Tom returns to the depot and confronts Cartley. He tells him that Gino has died and he knows why, and that he knows about the scam. Cartley offers him a share of the stolen money and Red's place in truck no. 1. Tom is having none of it, but takes truck no. 1 to pick up a load. When Red turns up, he forces Cartley to join him in what they think is truck no. 3 and sets out to silence Tom. Red guesses that Tom will take the dangerous shortcut through the quarry, and they lie in wait there. When Tom appears with his truck full of ballast, Red sideswipes him several times, finally forcing him off the road and onto the edge of the quarry, where the truck dangles precariously, with Tom knocked unconscious. But the brakes on Red's truck, which Red finally realises is Tom's no. 13, fail and he and Cartley drive off the edge and are killed. Tom wakes up and escapes just before his own truck tumbles into the quarry. Lucy (who followed them in a jeep) runs to him.

Cast

 Stanley Baker as Tom Yately, driver, truck 13
 Herbert Lom as Gino Rossi, driver, truck 3
 Peggy Cummins as Lucy
 Patrick McGoohan as G. "Red" Redman, driver, truck 1
 William Hartnell as Cartley, the depot manager
 Wilfrid Lawson as Ed, Hawlett's mechanic 
 Sid James as Dusty, driver, truck 22
 Jill Ireland as Jill, 'Pull Inn' waitress 
 Alfie Bass as Tinker, driver, truck 11
 Gordon Jackson as Scottie, driver, truck 7
 David McCallum as Jimmy Yately, Tom's brother 
 Sean Connery as Johnny Kates, driver, truck 19
 Wensley Pithey as Pop, driver, truck 4
 George Murcell as Tub, driver, truck 2
 Marjorie Rhodes as Ma West, landlady 
 Vera Day as Blonde at dance
 Beatrice Varley as Mrs. Yately, Tom's mother
 Robin Bailey as Hawlett's assistant manager 
 John Miller
 Jerry Stovin as Chick Keithley 
 John Horsley as Doctor attending Gino 
 Marianne Stone as Nurse attending Gino 
 Ronald Clarke as Barber Joe, driver, truck 6
 Charles Lamb as Cafe owner (uncredited) 
 Hal Osmond as Station ticket clerk (uncredited)
 Ben Williams as Harry, Hawlett's gateman (uncredited)
 Ian Wilson as Gibson, Hawlett's paymaster (uncredited)

Actors
Hell Drivers is an early film for several actors who later developed high profile careers. It provided early appearances for Jill Ireland and David McCallum, who met and married during the film's production. It featured Danger Man and The Prisoner actor Patrick McGoohan, and was the third film role for Sean Connery. William Hartnell was the first actor to play the role of The Doctor in the BBC's Doctor Who; Gordon Jackson appeared as George Cowley in The Professionals and the butler Hudson in ITV's Upstairs, Downstairs. Sid James was a regular supporting actor in British films at the time and appeared in most of the Carry On series. Herbert Lom starred in the ABC Weekend TV series The Human Jungle before playing the hapless Commissioner Dreyfus in The Pink Panther film franchise. Cy Endfield directed Stanley Baker in Zulu. Others including Robin Bailey, Charles Lamb, John Horsley and Wensley Pithey featured regularly in British films and television thereafter. Long-established actor Wilfrid Lawson also made an appearance. In 1966, he co-starred with Patrick McGoohan in the final black-and-white episode of Danger Man, "Not So Jolly Roger".

Production 
Filming started 31 December 1956.

The character of Yately comes from Blaenllechau in the Rhondda, near actor Stanley Baker's birthplace of Ferndale.
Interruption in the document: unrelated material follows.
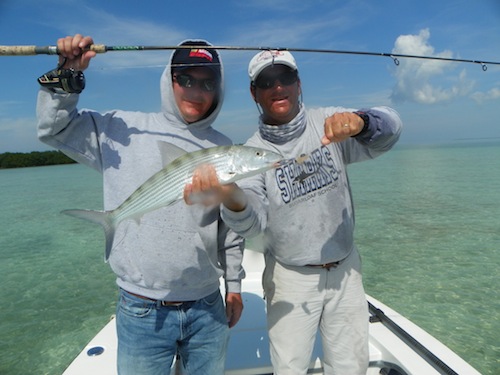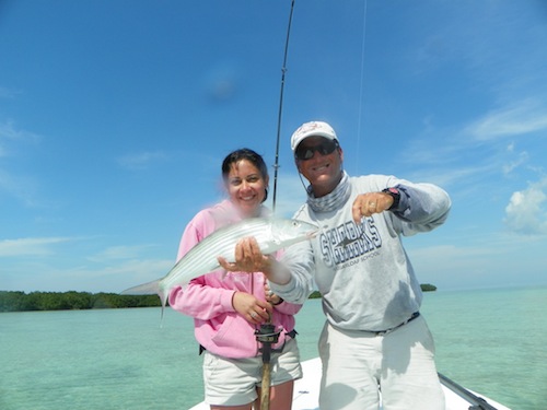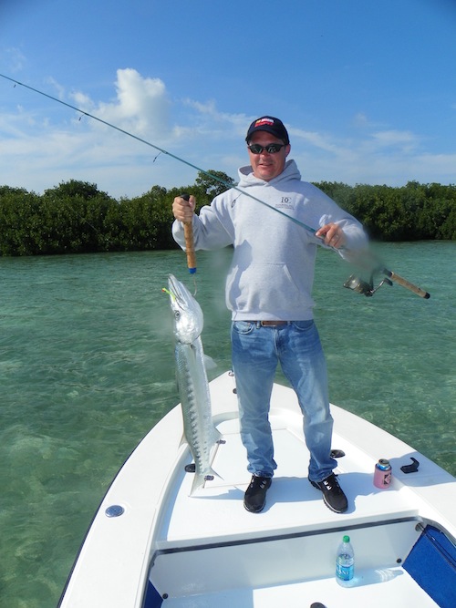 Dave started the day off with a 100lb plus tarpon. Next Dave and Fernanda teamed up to catch 2 bonefish. Dave topped the day off with a couple big barracuda...

Footage of a Hawlett's lorry going over the edge of a quarry was reused in "The Heiress" episode of the Rank Organisation television series Interpol Calling.

The vehicles used in the film were the Dodge 100 "Kew" parrot-nosed truck, with tipper body. They were lent for filming by W W Drinkwater of Willesden, North London.

Home media
The film was released on DVD, with various extras, in 2007 by Network Distributing in an anamorphically enhanced ratio of 1.77:1. A little of the original 1.96:1 VistaVision (70mm) image is cropped at the sides, which is just noticeable in a few shots.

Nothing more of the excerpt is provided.